[[ RECORDS SUPPLIED, beginning ]]

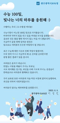 한편 이정선 교육감은 수능 D-100일인 8일에 고3 수험생을 위한 응원 편지를 전체 고등학교에 전달하고, 9일부터 직접 학교를 찾아 수험생을 격려할 계획이다.
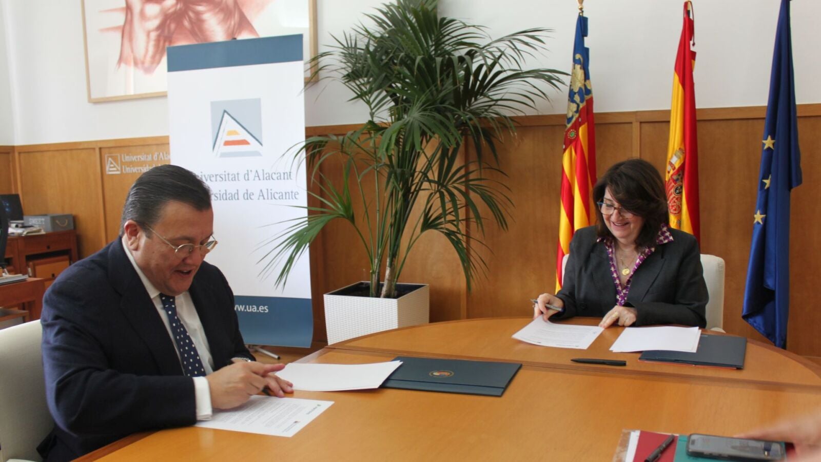 La rectora de la Universidad de Alicante, Amparo Navarro, y el presidente de Vectalia, Antonio Arias, han renovado, un año más, el convenio de colaboración vigente entre ambas instituciones. El acuerdo afianza el compromiso de mecenazgo de Vectalia para los grupos de cámara de la Orquesta Filarmónica de la Universidad de Alicante (OFUA), concretamente, para el cuarteto de cuerda Vibrato String Quartet UA y para el quinteto de metales Maestoso Brass Ensemble. Rectora y presidente han estado acompañados por la vicerrectora de Cultura, Deporte y Extensión Universitaria, Catalina Iliescu, la directora de la Fundación General de la UA, Lucía Gómis, y la técnica del aula de música, Loretta González.
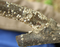 屬于同翅目,體外有蠟質(zhì)介殼。卵通常埋在蠟絲塊中、雌體下或雌蟲分泌的介殼下。 介殼蟲繁殖能力強(qiáng),一年發(fā)生多代。卵孵化為若蟲,經(jīng)過短時間爬行,營固定生活,即形成介殼。介殼蟲抗藥能力強(qiáng),一般藥劑難以進(jìn)入體內(nèi),防治比較困難。
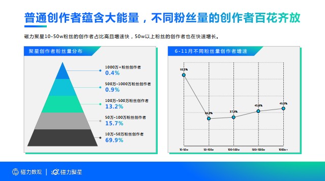 《報(bào)告》顯示,2020年1月到11月,聚星創(chuàng)作者數(shù)量上漲達(dá)181.1%,不同粉絲量級(jí)的創(chuàng)作者數(shù)量均有增長(zhǎng),并覆蓋娛樂(lè)、動(dòng)漫、才藝、政務(wù)等42個(gè)垂類領(lǐng)域,讓不同行業(yè)品牌都能找到目標(biāo)圈層,有更豐富的排列組合方式進(jìn)行選擇,滿足多樣化的營(yíng)銷需求。
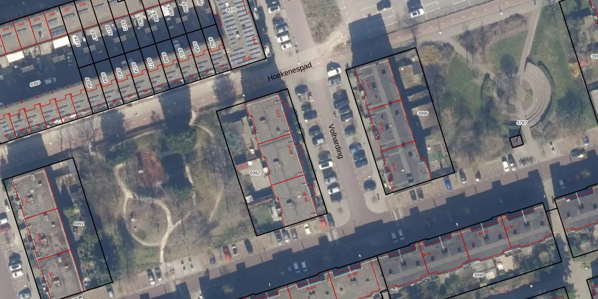 Het perceel waarop Volharding 18 staat heeft een oppervlakte van 1068 m². Dit is een zeer groot perceel. De perceeloppervlakte wordt geregistreerd door het Kadaster. Gedetailleerde informatie over de maten van dit perceel kunt u vinden in het rapport Kadastrale kaart met maatvoering van Volharding 18.
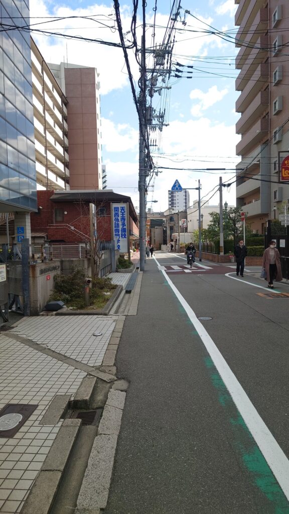 右手には阿倍野高校の裏側が見えています。そしてさらに南下して松虫通を目指します。
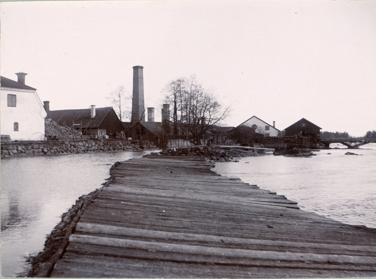 Brygga byggd på sten med bruksbebyggelse i bakgrunden i Gysinge samt skorstenen för järnbruksdriften.
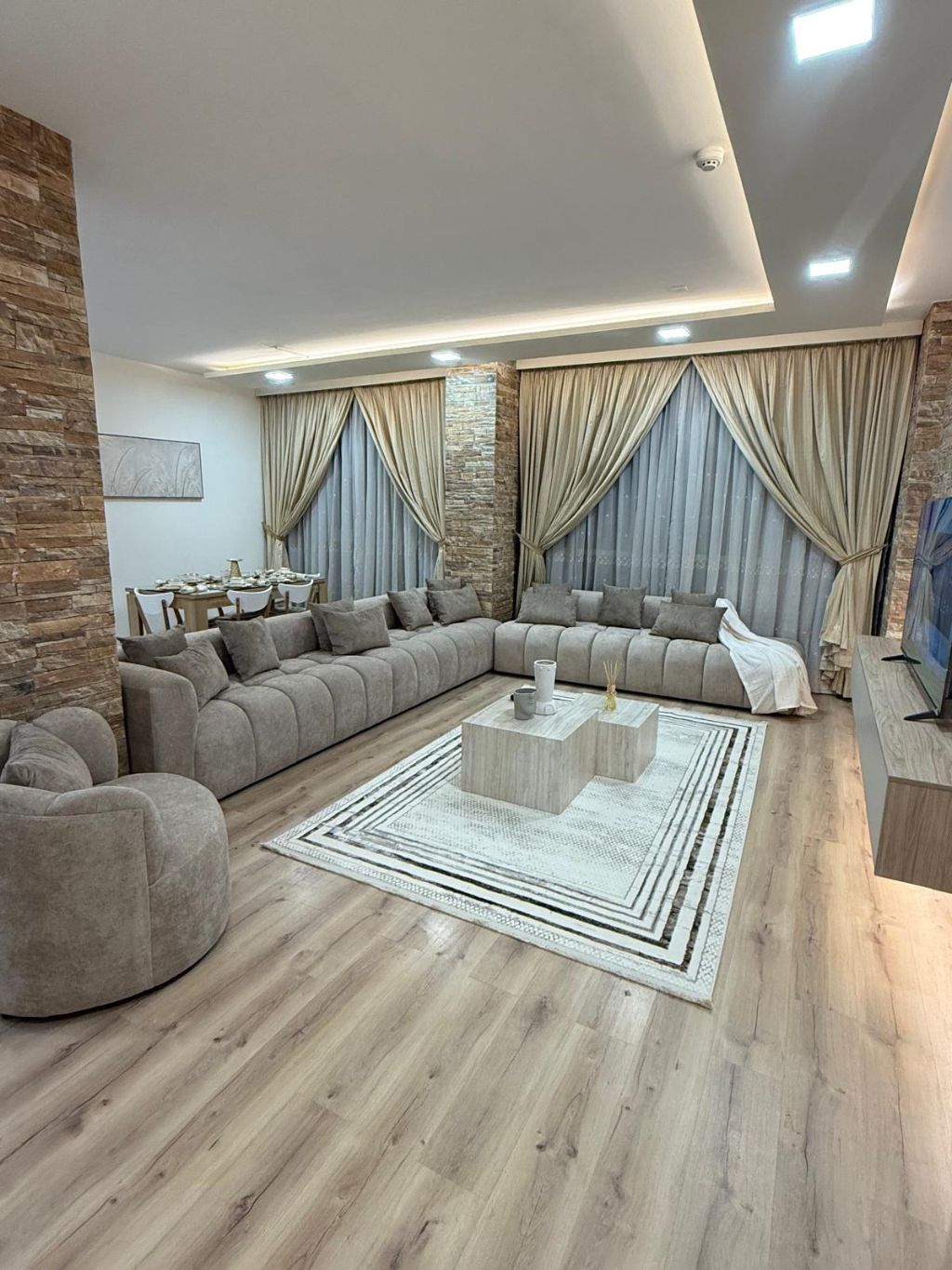 For rent: A luxurious two-bedroom apartment with a living room, two bathrooms, a separate kitchen, and new, unused furniture in Al Juffair. A very prime location for 350 dinars or 380 dinars including electricity and water at 30 dinars.

[[ RECORDS SUPPLIED, end ]]

TRY IT
Repeat every record exactly, but not the pictures.

ANSWER
 한편 이정선 교육감은 수능 D-100일인 8일에 고3 수험생을 위한 응원 편지를 전체 고등학교에 전달하고, 9일부터 직접 학교를 찾아 수험생을 격려할 계획이다.
 La rectora de la Universidad de Alicante, Amparo Navarro, y el presidente de Vectalia, Antonio Arias, han renovado, un año más, el convenio de colaboración vigente entre ambas instituciones. El acuerdo afianza el compromiso de mecenazgo de Vectalia para los grupos de cámara de la Orquesta Filarmónica de la Universidad de Alicante (OFUA), concretamente, para el cuarteto de cuerda Vibrato String Quartet UA y para el quinteto de metales Maestoso Brass Ensemble. Rectora y presidente han estado acompañados por la vicerrectora de Cultura, Deporte y Extensión Universitaria, Catalina Iliescu, la directora de la Fundación General de la UA, Lucía Gómis, y la técnica del aula de música, Loretta González.
 屬于同翅目,體外有蠟質(zhì)介殼。卵通常埋在蠟絲塊中、雌體下或雌蟲分泌的介殼下。 介殼蟲繁殖能力強(qiáng),一年發(fā)生多代。卵孵化為若蟲,經(jīng)過短時間爬行,營固定生活,即形成介殼。介殼蟲抗藥能力強(qiáng),一般藥劑難以進(jìn)入體內(nèi),防治比較困難。
 《報(bào)告》顯示,2020年1月到11月,聚星創(chuàng)作者數(shù)量上漲達(dá)181.1%,不同粉絲量級(jí)的創(chuàng)作者數(shù)量均有增長(zhǎng),并覆蓋娛樂(lè)、動(dòng)漫、才藝、政務(wù)等42個(gè)垂類領(lǐng)域,讓不同行業(yè)品牌都能找到目標(biāo)圈層,有更豐富的排列組合方式進(jìn)行選擇,滿足多樣化的營(yíng)銷需求。
 Het perceel waarop Volharding 18 staat heeft een oppervlakte van 1068 m². Dit is een zeer groot perceel. De perceeloppervlakte wordt geregistreerd door het Kadaster. Gedetailleerde informatie over de maten van dit perceel kunt u vinden in het rapport Kadastrale kaart met maatvoering van Volharding 18.
 右手には阿倍野高校の裏側が見えています。そしてさらに南下して松虫通を目指します。
 Brygga byggd på sten med bruksbebyggelse i bakgrunden i Gysinge samt skorstenen för järnbruksdriften.
 For rent: A luxurious two-bedroom apartment with a living room, two bathrooms, a separate kitchen, and new, unused furniture in Al Juffair. A very prime location for 350 dinars or 380 dinars including electricity and water at 30 dinars.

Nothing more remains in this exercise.